Tovell: You don't find yourself wanting to play Chopin, for instance?
GG: No. No, I don't. I play it in a weak moment - maybe once a year or
twice a year for myself. But it doesn't convince. me.
GG went on to admit that Chopin certainly understood the piano. He said he
was an unparalleled setter of moods and as a miniaturist he was superb. He
felt Chopin failed "in the bigger things of music, in the real
organizational attempts, he failed almost altogether."
Remember, GG thought of himself as a musician not a pianist. The fact that
Chopin was the pianist's composer did not impress Glenn Gould.

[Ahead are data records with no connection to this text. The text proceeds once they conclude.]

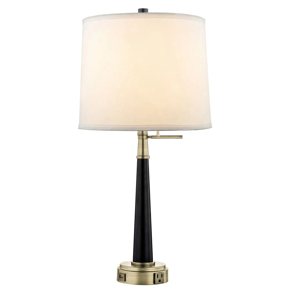 Contemporary / modern champagne bronze / ebony 1-light desk lamp with white linen fabric shade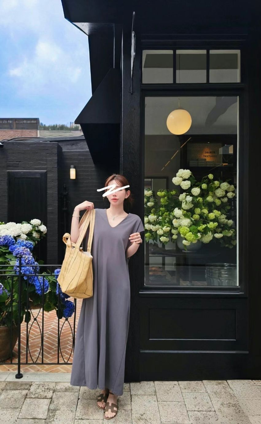 自留款!極簡休閒V領棉質洋裝(直播款)(特)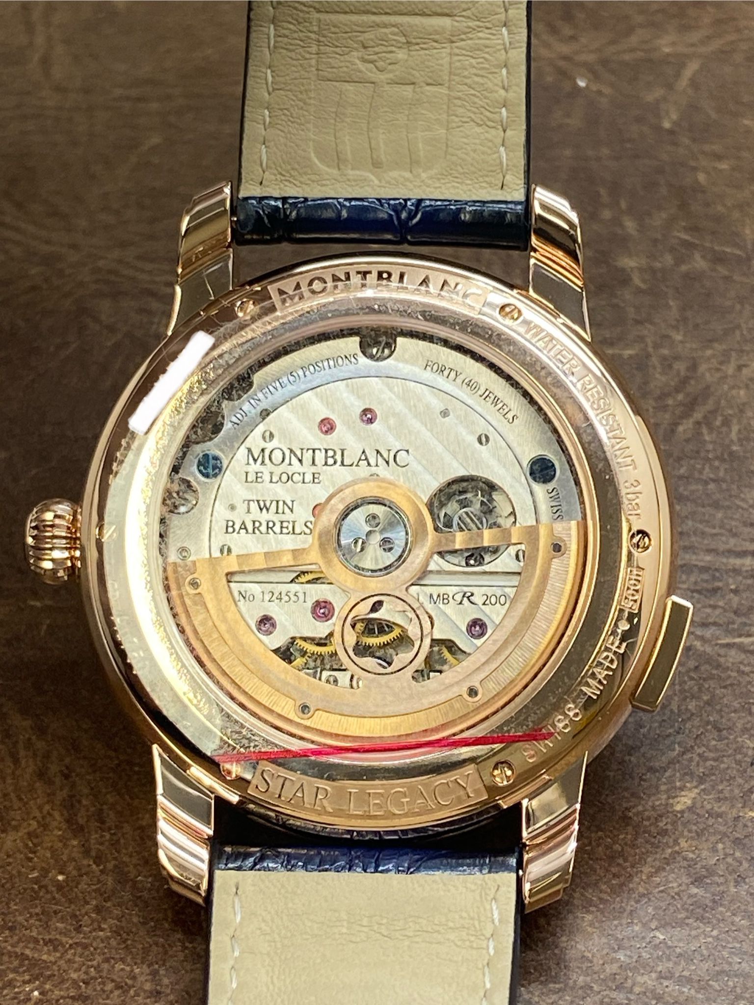 This pre-owned Montblanc Star Legacy Nicolas Rieussec Chronograph 18K Rose Gold 126097 is in excellent condition and comes with: original Montblanc double box, booklets and matching warranty papers dated Jan 2022. Max wrist size: 8 in.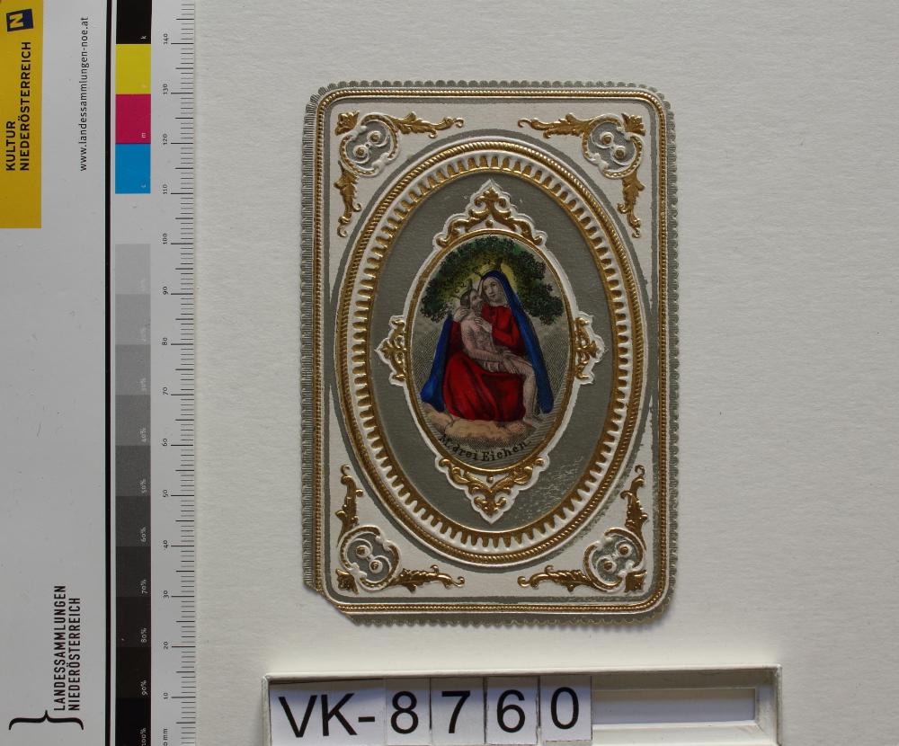 Maria Dreieichen; Vorderseite: Gnadenstatue = Pietà, "M drei Eichen"; Eintrag Inventarbuch: Wallfahrtsbildchen, Maria Dreieichen, Slg. Klar.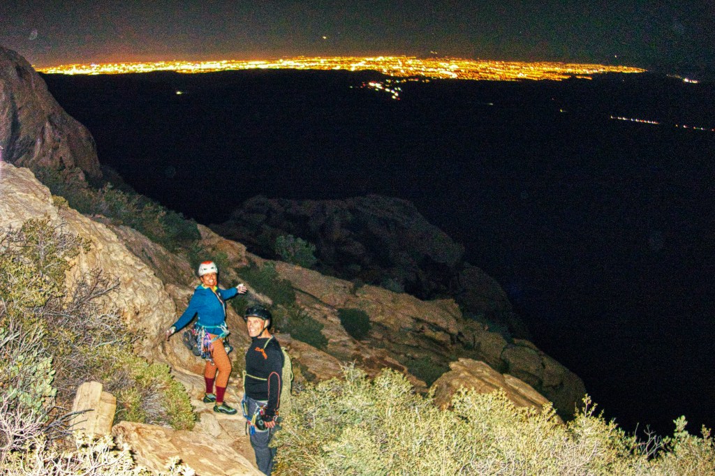 Bright Vegas as seen during the descent: The descent route is very well marked with carins every few feet. Our packs and remaining headlamps were at the base of frogland so a little bit after this point in this picture we split up: 1) Mark and I went right towards the parking lot on a well-trod trail with Rick’s phone for flashlight 2) Rick went left cross-country to collect our packs which were mostly empty with the bright headlamp. Rick said to not get lost in the desert so I was assessing the trail at every step of the way and finding boot prints. We got to the end of the trail and tracked Rick’s headlamp who arrived after 30 minutes. On the way back we ordered mouthwateringly delicious Thai food from Chinatown and a bought a wine bottle. We toasted and celebrated Mark’s 63 birthday at 9:30pm in the hotel room. I was extremely happy that we all safely made it back.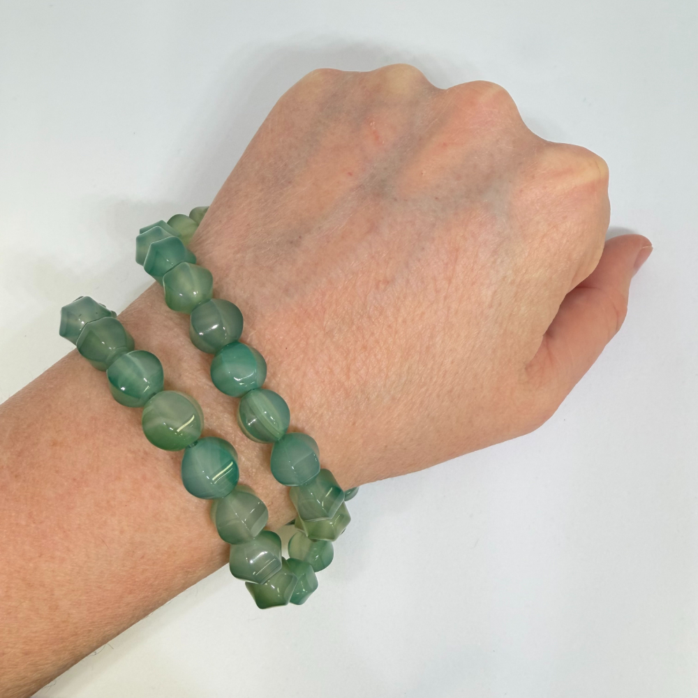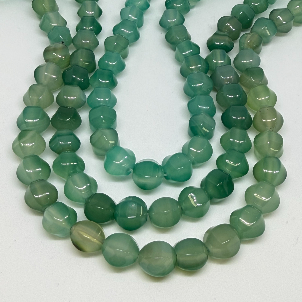 10mm Agate Green (dyed) Beads – Hexagonal Gemstone Strand (38cm)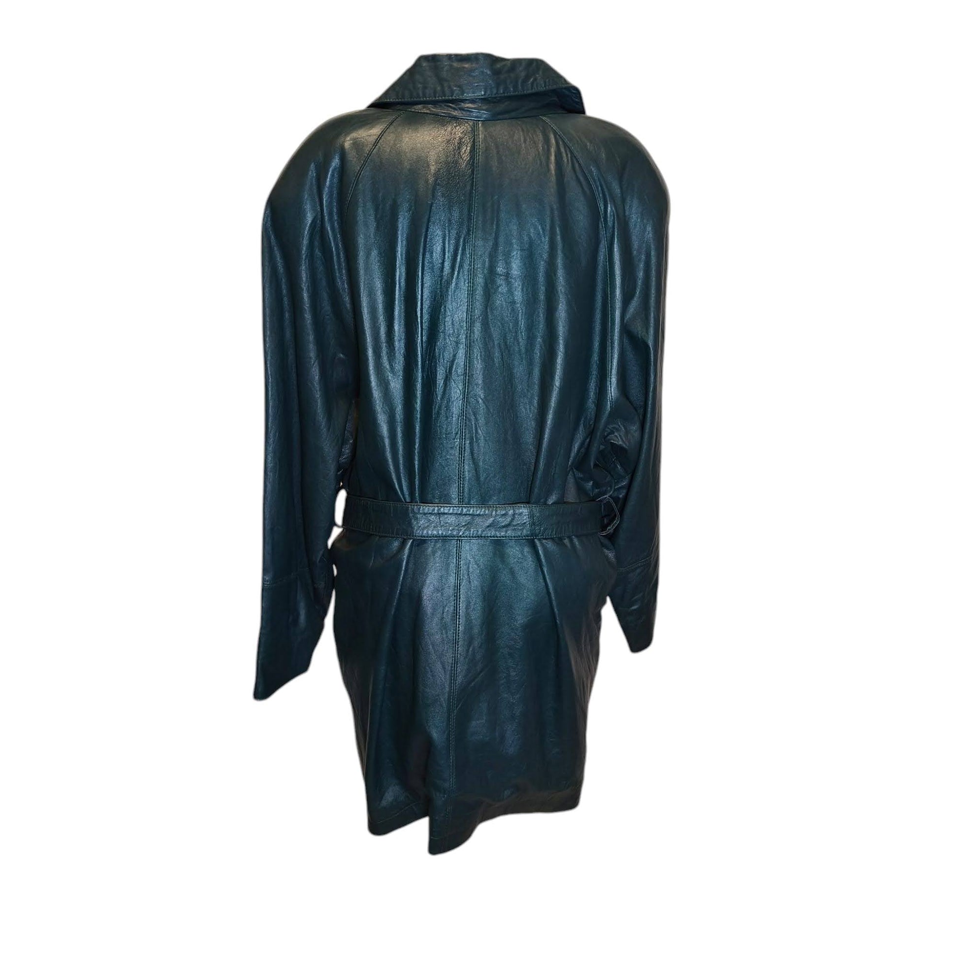 Un trench vintage che racconta una storia, un pezzo di storia della moda italiana degli anni ottanta. Un capo che, nonostante il passare del tempo, conserva intatto il suo fascino e la sua eleganza. Questo trench verde smeraldo in pelle è proprio così.

Like the rest of us, GG had to learn Chopin when he was a student. From
what I have read, it sounds as though he had his fill of it then. He
mentioned playing Romantic music for student recitals.
Anne
----- Original Message -----
From: f h <boyboy_8@YAHOO.COM>
To: <F_MINOR@EMAIL.RUTGERS.EDU>
Sent: Monday, May 06, 2002 12:52 PM
Subject: Gould/Chopin
> I have long felt curious about his almost Chopin-less
> output. I am really only going to guess here, having
> not read what Gould said in print or interviews about
> his opinion. I have a somewhat love/disinterest in
> Chopin and always have. As a romantic poet of the
> piano, Chopin has expressed musical ideas which, at
> the best, are superb. At his worst, he sounds like a
> broken record. It's not so much that you can hear
> those chords coming like the proverbial train around
> the mountain, or you can see Chopin bringing his
> pieces to a conclusion as if he was strapped with
> crazy glue into the composers seat, fixed and fixated
> with the forms he had either created or developed. I
> think that Chopin suffers worse than say, Schubert,
> for a composer who had an opportunity to express
> himself from a wider pallet and lost track of this
> ambition and instead found himself almost sounding
> like a caraciture of himself. I know that this is a
> bit harsh, but after a few hours of listening to many
> Chopin pieces in a row, you will get a gist of what
> I'm getting at. Where other composers, especially
> Beethoven, searched for ever new forms and
> complexities to elaborate on, Chopin was quite happy
> showing you how many different ways that a heart could
> be worn on one's sleeve. Fine enough but there is
> much more to be said in music. He abandoned symphonic
> and chamber music expressions where he most certainly
> had the musical mind to explore these and other forms.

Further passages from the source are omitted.